What a 1952 Japanese film will tell you about Japan’s 2011 nuclear disaster

Akira Kurosawa's Ikiru I love Kursoawa films. And Netflix on the Roku box makes it easy to dive deeply in this master’s work. Among his less well-known films (and one of the few to be set in modern times) is Ikiru (“to live”) which I watched for the first time this weekend. IMDB has a good synopsis of the movie and plot here.

What I can’t get out of my head days after watching the film isn’t the somewhat maudlin triumph of Watanabe-san over his mortality. Rather, it’s how the film illuminates Japanese mores and a culture that — some 60 years later —  still reflexively sweeps issues under the rug and suppresses any individuality at all.

In the film, Watanabe-san is the ultimate bureaucrat, dispensing with the real concerns of people without looking up from his desk. His doctors lie to him about his cancer, despite his pleas for honesty. And, in the most astonishing scene of all — which consists of the last 30 minutes of the film — nobody speaks the truth at Watanabe-san’s wake until the big shots have left and they are all stinkin’ blind drunk on sake. Meanwhile, the family sits by stoically as increasingly drunken theory after theory finally gives way to the truth. In a collective stupor, everyone agrees to remember their epiphany tomorrow, only to immediately punish the one who holds on to that commitment.
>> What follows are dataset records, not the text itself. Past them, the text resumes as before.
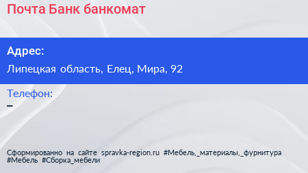 Почта Банк, банкомат по адресу Липецкая область, Елец, Мира, 92 в дальнейшем Организация, размещена в следующих категориях:
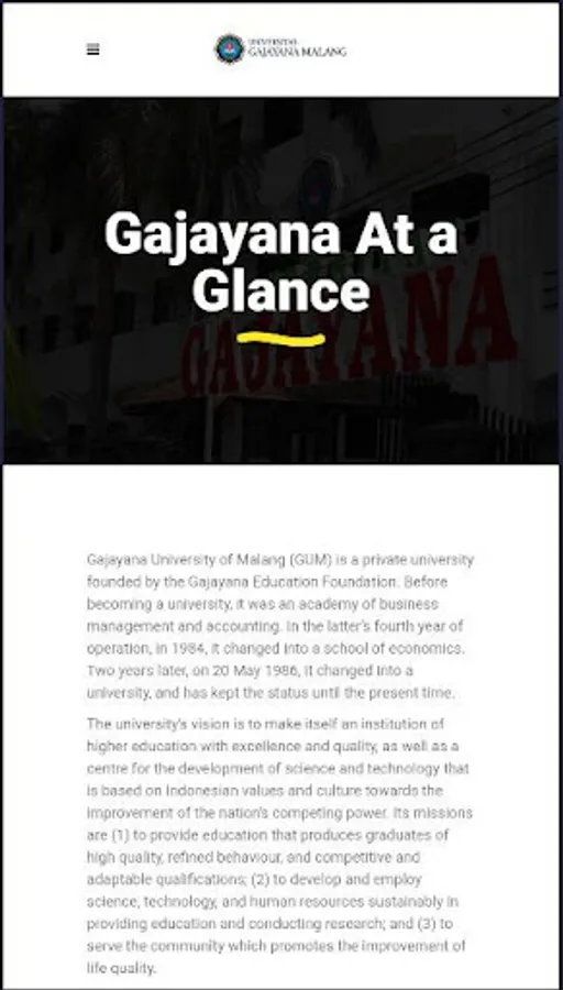 At the age of 34 years, Gajayana University has 3 faculties and 11 (nine) study programs and has graduated 9160 consisting of 8420 Bachelor (S1) and 740 Postgraduate Programs (S2) in its development we always carry out development and renewal according with the vision and mission of higher education.
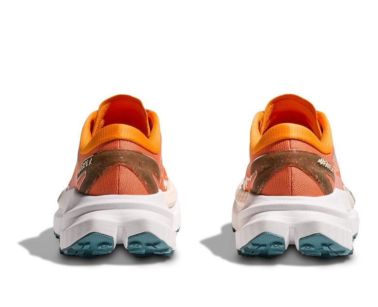 ウルトラソフトなデュアルレイヤーミッドソール:スーパークリティカルEVAソールとPEBAトップレイヤーの2層構造により、長距離走行での足への負担を軽減し、快適な走りを提供。フォーク型カーボンファイバープレートは、長距離でも安定した走りを可能にし、ユニークなフォーク状のデザインが、凸凹の多いトレイルでも足元のブレを軽減する。メタロッカーと後足部にフォーカスしたアクティブフットフレームは、HOKAのロードランニングモデルSKYWARD Xにインスパイアされ、ウルトラトレイル競技で必要とされる安定性を備え、適度なペースを維持できるようをサポート。ダイナミックバンプとガセットタンにより、足にしっかりとフィット。
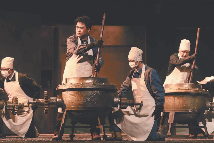 與歌劇跌宕的劇情相匹配,作曲家唐建平也創(chuàng)作了極具戲劇張力的音樂(lè)。全劇既有不少充滿挑戰(zhàn)的高音唱段,也有充滿“氛圍感”的旋律。221沒(méi)有合適的炸藥合成設(shè)備,工作人員就用人工土法攪拌,小危險(xiǎn)不時(shí)發(fā)生,這時(shí)的音樂(lè)充滿懸疑感,緊扣心弦。唐建平還在劇中融入了當(dāng)?shù)匾魳?lè)元素,上半場(chǎng)音樂(lè)由藏族民歌引入,下半場(chǎng)則由青?;▋洪_啟,而在劇中的聯(lián)歡會(huì)上,藏族風(fēng)格的音樂(lè)元素不時(shí)響起,也為梁振道與女友的意外相遇鋪墊了情緒。

If you want to know how it is possible that TEPCO wasn’t ready for the disaster at Fukushima Daiichi, why the government at first didn’t tell more people to evacuate, why just today, finally, the government raised the level of the disaster to the maximum, why we will discover over time that much more radiation has been released than predicted, just watch this beautifully acted, stunningly photographed film.
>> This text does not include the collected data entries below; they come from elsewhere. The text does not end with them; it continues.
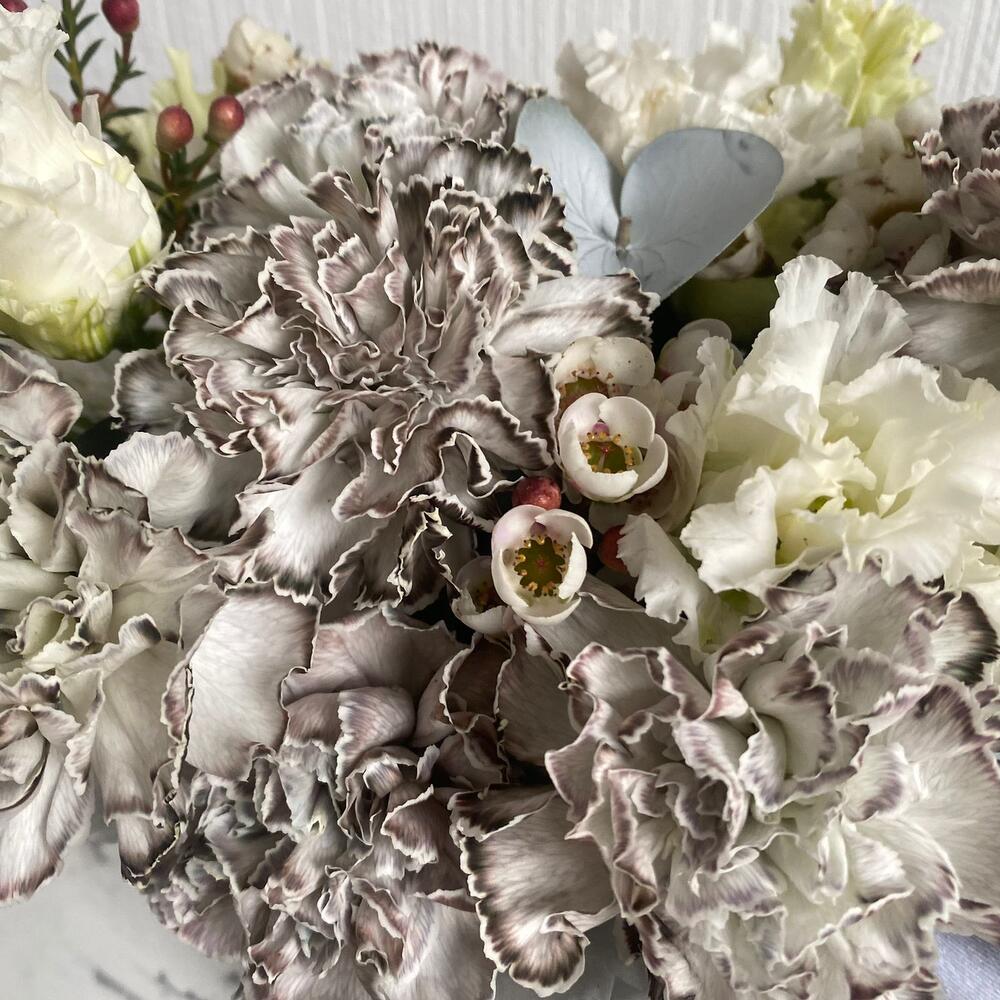 Ваксфлауэр – 1 шт.Эустома – 1 шт.Диантус – 8 шт.
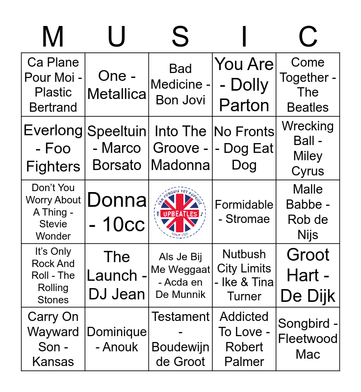 This bingo card has a free space and 24 words: The Launch - DJ Jean, Dominique - Anouk, Into The Groove - Madonna, Carry On Wayward Son - Kansas, Come Together - The Beatles, Ca Plane Pour Moi - Plastic Bertrand, Everlong - Foo Fighters, One - Metallica, Formidable - Stromae, Als Je Bij Me Weggaat - Acda en De Munnik, No Fronts - Dog Eat Dog, Don’t You Worry About A Thing - Stevie Wonder, Nutbush City Limits - Ike & Tina Turner, Groot Hart - De Dijk, Speeltuin - Marco Borsato, Addicted To Love - Robert Palmer, Malle Babbe - Rob de Nijs, Bad Medicine - Bon Jovi, Wrecking Ball - Miley Cyrus, Donna - 10cc, Songbird - Fleetwood Mac, It’s Only Rock And Roll - The Rolling Stones, You Are - Dolly Parton and Testament - Boudewijn de Groot.
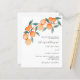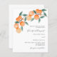 A white background. Decorated with watercolored oranges. Personalise and add a name and party details.
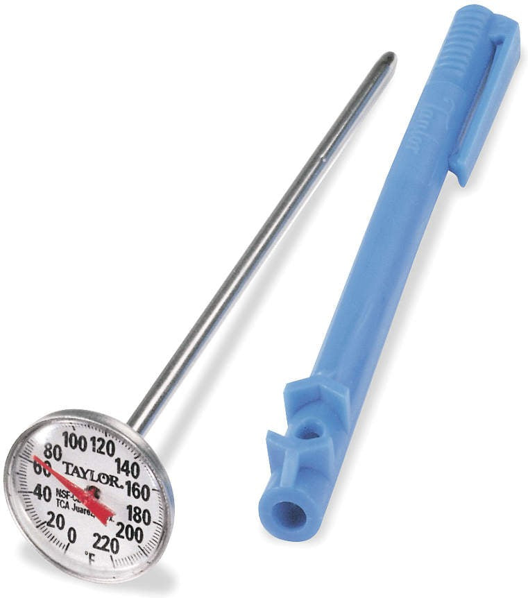 Equipped with a sensitive and accurate temperature sensor, the Taylor Instant Read Dial Thermometer delivers fast and reliable temperature readings within a wide range, making it suitable for various culinary tasks. Whether measuring the internal temperature of meats, poultry, fish, or monitoring the temperature of soups, sauces, or beverages, this thermometer provides consistent and accurate results to ensure optimal cooking results and food quality. The thermometer's instant-read capability allows for rapid temperature measurement, providing real-time feedback to chefs and cooks during cooking and food preparation. With its quick response time, users can easily monitor temperature changes and adjust cooking techniques accordingly, ensuring that food is cooked to perfection every time. The Taylor Instant Read Dial Thermometer features a convenient pocket-sized design, allowing users to carry it with them wherever they go. Whether working in a professional kitchen or cooking at home, this compact thermometer is easy to transport and use whenever temperature measurement is required.
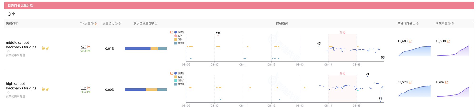 流量升档:今天相比昨天,流量向上升档的关键词;如:稀疏期升到震荡期,震荡期升到稳定期

Ikiru doesn’t look modern. The film has no special effects. It’s subtitled. It’s in black and white. But what it does do (in addition to being compelling on its face) is inadvertently and clearly explain the Japanese mindset to outsiders. That mindset is as powerful today as it was in post-war, occupied Japan. And it’s the reason that Japanese society is unable to face the reality of Fukushima Daiichi.

The message from 1952 is as cogent today as it must have been then: a society which systematically suppresses truth and individuality has only itself to blame for its inability to progress.